As output, give the exact lines from the one containing "Un accidente vial" through the end of the listing below, both included, without the pictures.
┄┄┄┄┄┄
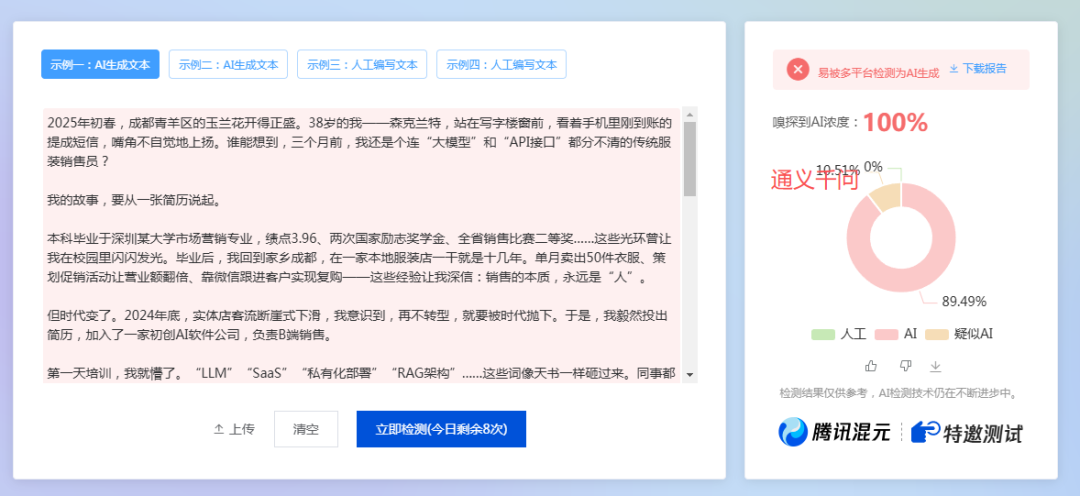 下面是8个AI写出来的测试结果,我觉得AI已经写的很好了,但是AIGC检测工具还是能检测出来,真烦!
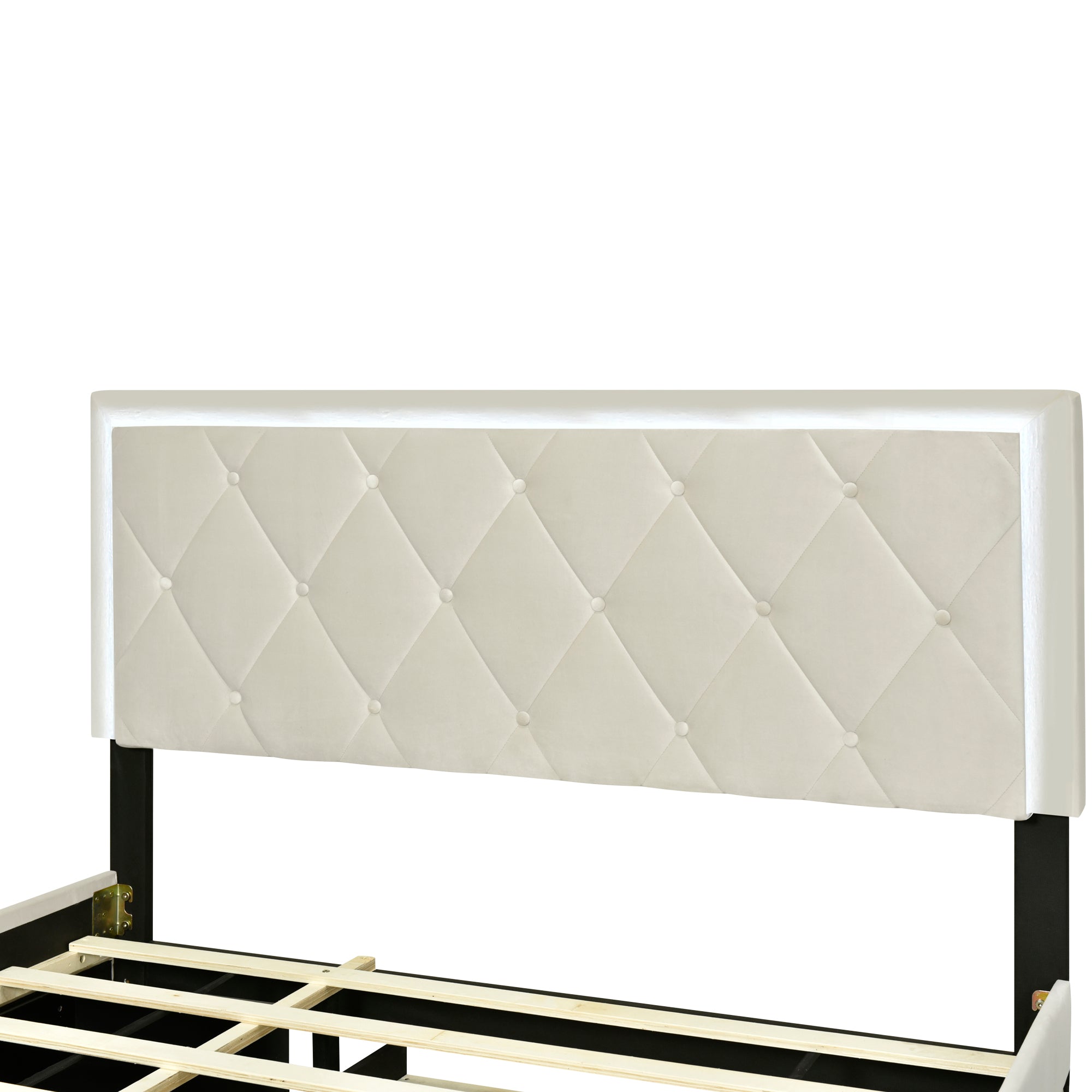 Velvet Storage Platform Bed with LED lights Plus Extra Sleeping Space
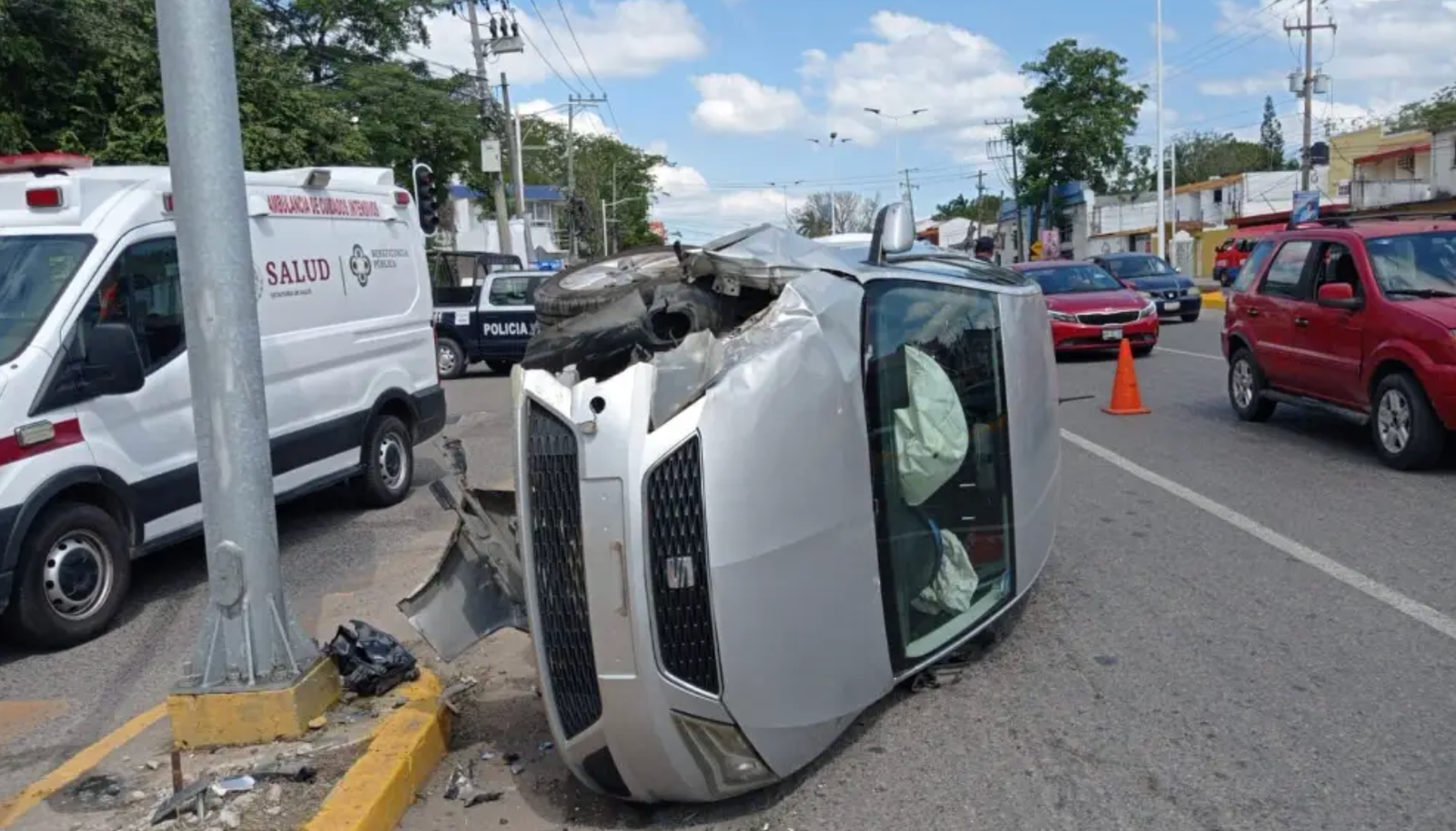 Un accidente vial se registró este domingo en Avenida Universidad, en el municipio de Centro, luego de que un vehículo tipo sedán, color gris, se impactara contra la base de un semáforo y terminara volcado. Los hechos ocurrieron alrededor del mediodía, frente a las instalaciones de la Universidad Juárez Autónoma de Tabasco (UJAT).
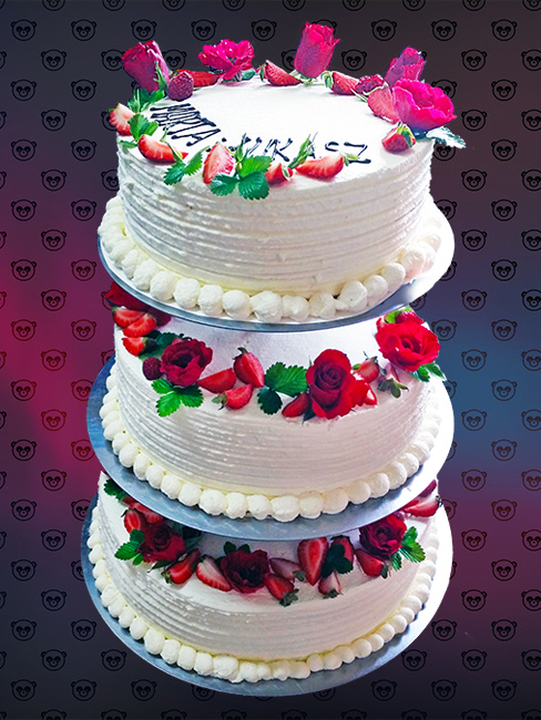 Tort zrobiony jest z bitej śmietanny, a dekoracja wykonana jest z czerwonych owoców i kwiatów.
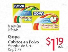 gova incluye caldo vegetales sodio cubitos reducido polvo carne goya variedad $reg.
┄┄┄┄┄┄
- **EXERCISE ANSWER**
 Un accidente vial se registró este domingo en Avenida Universidad, en el municipio de Centro, luego de que un vehículo tipo sedán, color gris, se impactara contra la base de un semáforo y terminara volcado. Los hechos ocurrieron alrededor del mediodía, frente a las instalaciones de la Universidad Juárez Autónoma de Tabasco (UJAT).
 Tort zrobiony jest z bitej śmietanny, a dekoracja wykonana jest z czerwonych owoców i kwiatów.
 gova incluye caldo vegetales sodio cubitos reducido polvo carne goya variedad $reg.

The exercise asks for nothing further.